On a motion to dismiss a plaintiff's claim pursuant to CPLR § 3211 (a) (7) for failure to state a cause of action, the court is not called upon to determine the truth of the allegations (see, Campaign for Fiscal Equity v State, 86 NY2d 307, 317 [1995]; 219 Broadway Corp. v Alexander's, Inc., 46 NY2d 506, 509 [1979]). Rather, the court is required to "afford the pleadings a liberal construction, take the allegations of the complaint as true and provide plaintiff the benefit of every possible inference [citation omitted]. Whether a plaintiff can ultimately establish its allegations is not part of the calculus in determining a motion to dismiss" (EBC I v Goldman, Sachs & Co., 5 NY3d 11, 19 [2005]). The court's role is limited to determining whether the pleading states a cause of action, not whether there is evidentiary support to establish a meritorious cause of action (see Guggenheimer v Ginzburg, 43 NY2d 268, 275 [1977]; Sokol v Leader, 74 AD3d 1180 [2d Dept 2010]).

A. Breach of Contract Claims

1. Motion to Dismiss

To sustain a breach of contract cause of action, plaintiff must show: (1) an agreement; (2) plaintiff's performance; (3) defendant's breach of that agreement; and (4) damages (see Furia v Furia, 116 AD2d 694, 695 [2d Dept 1986]). "The fundamental rule of contract interpretation is that agreements are construed in accord with the parties' intent . . . and '[t]he best evidence of what parties to a written agreement intend is what they say in their writing' . . . . Thus, a written agreement that is clear and unambiguous on its face must be enforced according to the plain terms, and extrinsic evidence of the parties' intent may be considered only if the agreement is ambiguous [internal citations omitted]" (Riverside South Planning Corp. v CRP/Extell Riverside LP, 60 AD3d 61, 66 [1st Dept 2008], affd 13 NY3d 398 [2009]). Whether a contract is ambiguous presents a question of law for resolution by the courts (id. at 67). Courts should adopt an interpretation of a contract which gives meaning to every provision of the contract, with no provision left without force and effect (see RM 14 FK Corp. v Bank One Trust Co., N.A., 37 AD3d 272 [1st Dept 2007]).

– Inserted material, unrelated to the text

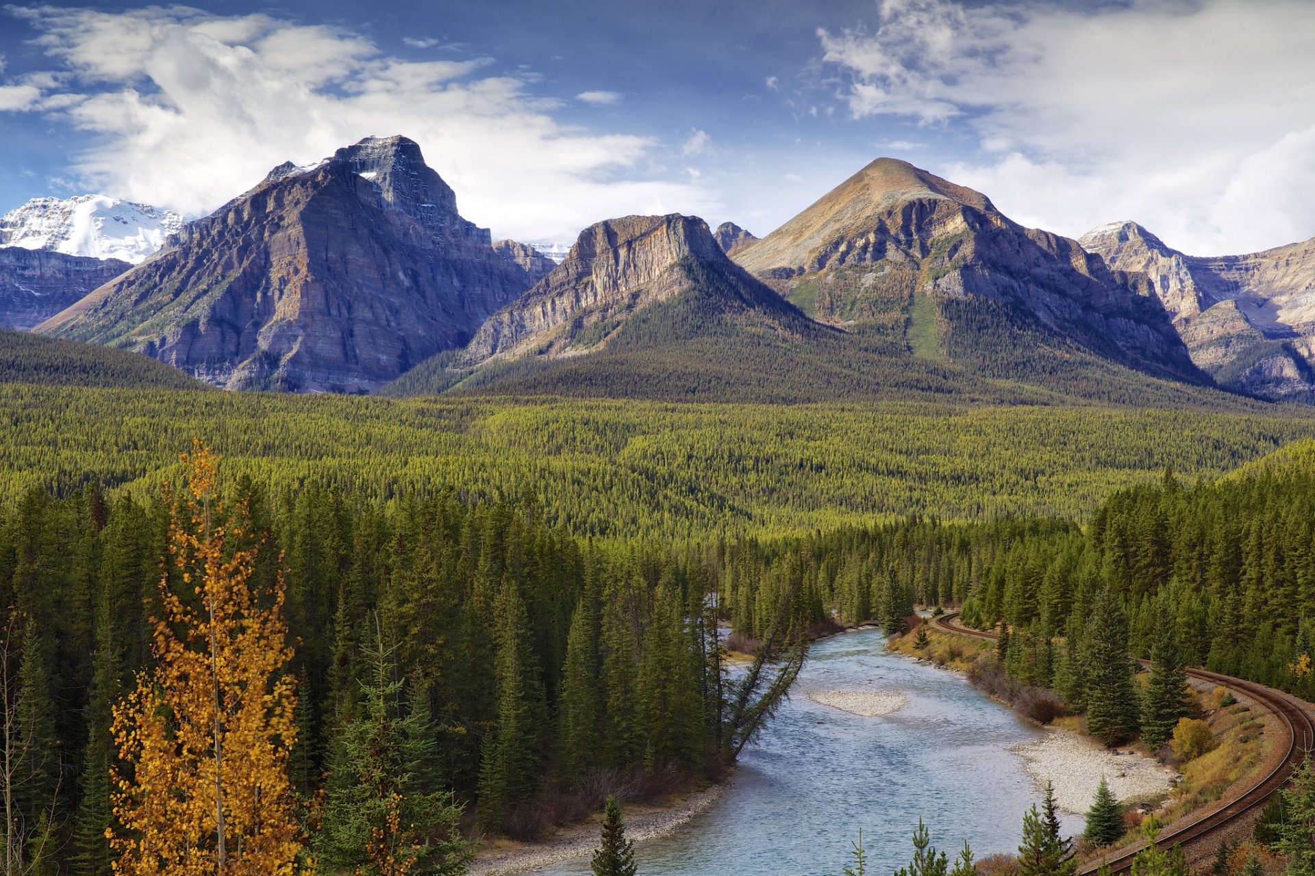 Parque nacional banff en otoño, carretera y bosqueParque nacional Banff en otoño, carretera y bosque

As far as defendants argue Shreyas, Vegas Group, and CKL Partners are not proper defendants for any contract-based claims because they are not party to any of the agreements at issue (Memo at 12), plaintiff agrees that the contract claims are only pled against EIP and Sridhar (Opp at 13).

Defendants argue the breach of contract claims (four and five) against EIP and Sridhar should be dismissed because the interest rate charged is usurious, making the agreement void (Memo, NYSCEF Doc. No. 21, at 9). Plaintiff claims it loaned $2 million on October 11, 2019 and defendants owed plaintiff $2,369,918.50 on November 27, 2019, constituting 143.6% interest per annum. Interest is deemed criminal usury when it exceeds 25% (id. at 10). Defendants also argue the Demand Note is superseded by the subsequent agreements, so a breach of the Demand Note is no longer actionable (id. at 11-12).

Plaintiff opposes the motion to dismiss and asks this portion of the motion be converted to a motion for summary judgment pursuant to CPLR 3211(c). Plaintiff argues neither EIP nor Sridhar may assert a civil usury defense because of the value of the loan (see General Obligations Law § 5-501 [6.a] ("No law regulating the maximum rate of interest which may be charged, taken or received . . . shall apply to any loan or forbearance in the amount of two hundred fifty thousand dollars or more"]). Further, "[n]o corporation shall hereafter interpose the defense of usury in any action. The term corporation, as used in this section, shall be construed to include all associations, and joint-stock companies having any of the powers and privileges of corporations not possessed by individuals or partnerships" (General Obligations Law § 5-521). Plaintiff also argues the criminal usury law does not apply because the Demand Note and the Forbearance Agreement do not charge a criminally usurious rate of interest (Opp at 8, citing NY. Penal Law § 190.40). The interest charged on the face of the Demand Note is merely 10% (Opp at 9). The Forbearance Agreement charges 20% interest (id. at 10). The Forbearance Fee is additional principal in the Forbearance Agreement, not interest. Defendants bear the burden of establishing any additional fees, such as the Forbearance Fee, should be considered "a ruse to collect additional interest in excess of that allowed by law" (Sur-reply at 9, citing Freitas v Geddes Sav. and Loan Ass'n, 63 NY2d 254, 264 [1984]).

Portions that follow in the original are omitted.